W. Chen,^a K.-S. Tang ^a and L.-Y. Fan ^a ^*

^aDepartment of Chemistry, Tongji University, Shanghai 200092, People's Republic of China
^*Correspondence e-mail: fanly@tongji.edu.cn

(Received 15 June 2012; accepted 20 June 2012; online 27 June 2012)

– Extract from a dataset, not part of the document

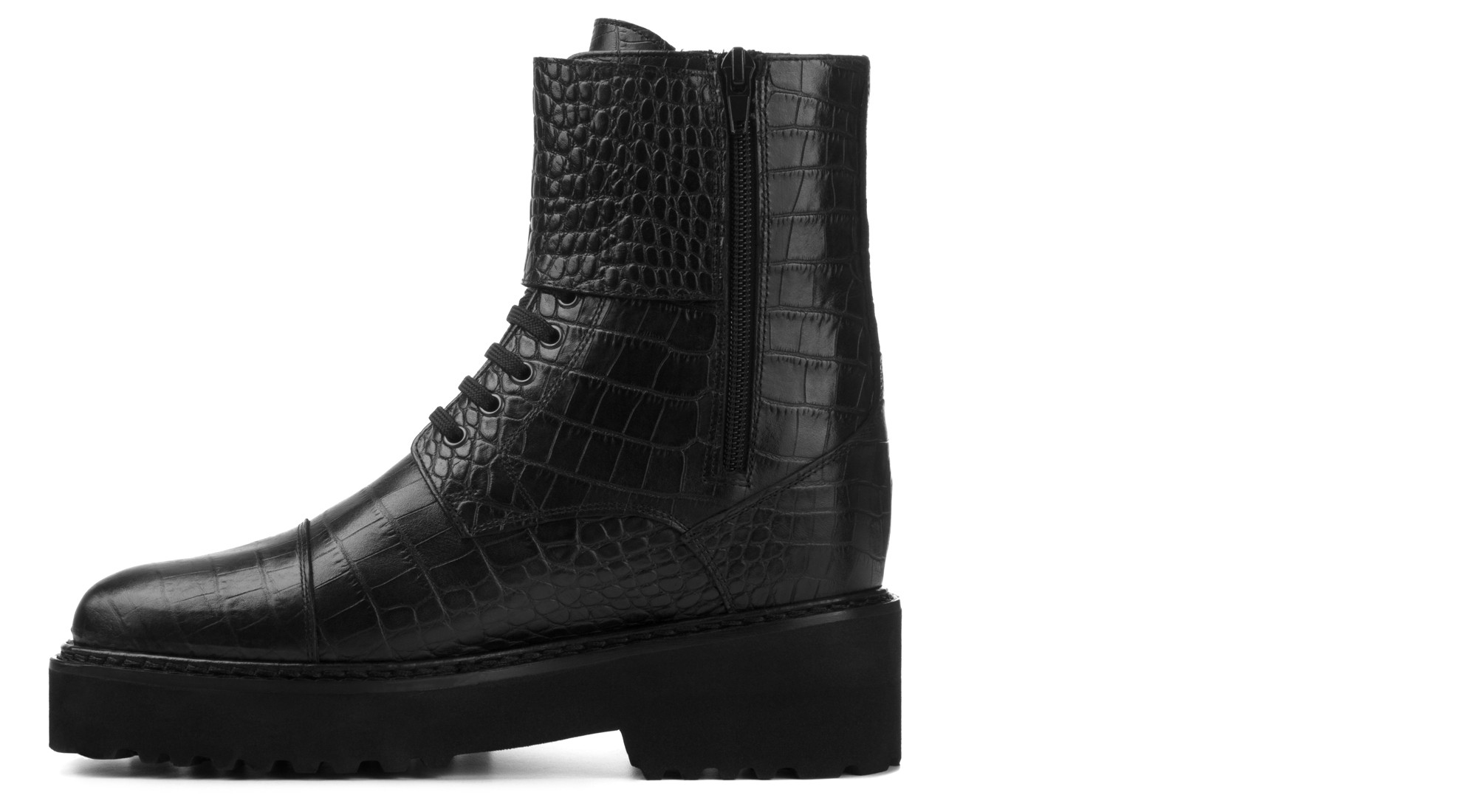La tomaia è in vitello con ricercata stampa in coccodrillo. È dotato sia di lacci che di chiusura con la doppia fibbia. Punta morbida e arrotondata. Handmade in Italy.

In the title compound, C₂₀H₂₀N₂, the quinoxaline ring adopts a very distorted half-chair conformation [N=C—C=N = 22.7 (2)° for the nominally coplanar atoms] and the cyclohexane ring adopts a chair conformation. The quinoxaline and cyclohexane rings are cis-fused. The two phenyl rings form a dihedral angle of 63.88 (7)°.

Related literature

For background to dihydropyrazine derivatives, see: Raw et al. (2003 ). For related structures, see: Reich et al. (2004 ); Wang et al. (2008).

Experimental

Crystal data

C₂₀H₂₀N₂
M_r = 288.38
Orthorhombic, P 2₁ 2₁ 2₁
a = 6.3546 (1) Å
b = 13.4894 (2) Å
c = 19.1921 (3) Å
V = 1645.14 (4) Å³
Z = 4
Cu Kα radiation
μ = 0.52 mm⁻¹
T = 293 K
0.20 × 0.20 × 0.10 mm

Data collection

Bruker SMART APEX CCD diffractometer
Absorption correction: multi-scan (SADABS; Bruker, 2004) T_min = 0.902, T_max = 0.949
4074 measured reflections
2739 independent reflections
2703 reflections with I > 2σ(I)
R_int = 0.010

Refinement

R[F² > 2σ(F²)] = 0.036
wR(F²) = 0.099
S = 1.05
2739 reflections
199 parameters
H-atom parameters constrained
Δρ_max = 0.14 e Å⁻³
Δρ_min = −0.14 e Å⁻³

Data collection: APEX2 (Bruker, 2004); cell refinement: SAINT-Plus (Bruker, 2001); data reduction: SAINT-Plus; program(s) used to solve structure: SHELXS97 (Sheldrick, 2008 ); program(s) used to refine structure: SHELXL97 (Sheldrick, 2008); molecular graphics: SHELXTL (Sheldrick, 2008); software used to prepare material for publication: SHELXL97.

Supporting information

Crystal structure: contains datablocks I, global. DOI: https://doi.org/10.1107/S1600536812028061/hb6855sup1.cif

Structure factors: contains datablock I. DOI: https://doi.org/10.1107/S1600536812028061/hb6855Isup2.hkl

Supporting information file. DOI: https://doi.org/10.1107/S1600536812028061/hb6855Isup3.cml

checkCIF report

Comment top

Dihydropyrazine ring systems are found as a key unit in natural products and biochemical materials (Raw et al., 2003). Therefore, the synthesis of dihydropyrazine derivatives attract much interest in organic chemistry. In this respect, we report herein the crystal structure of the title compound.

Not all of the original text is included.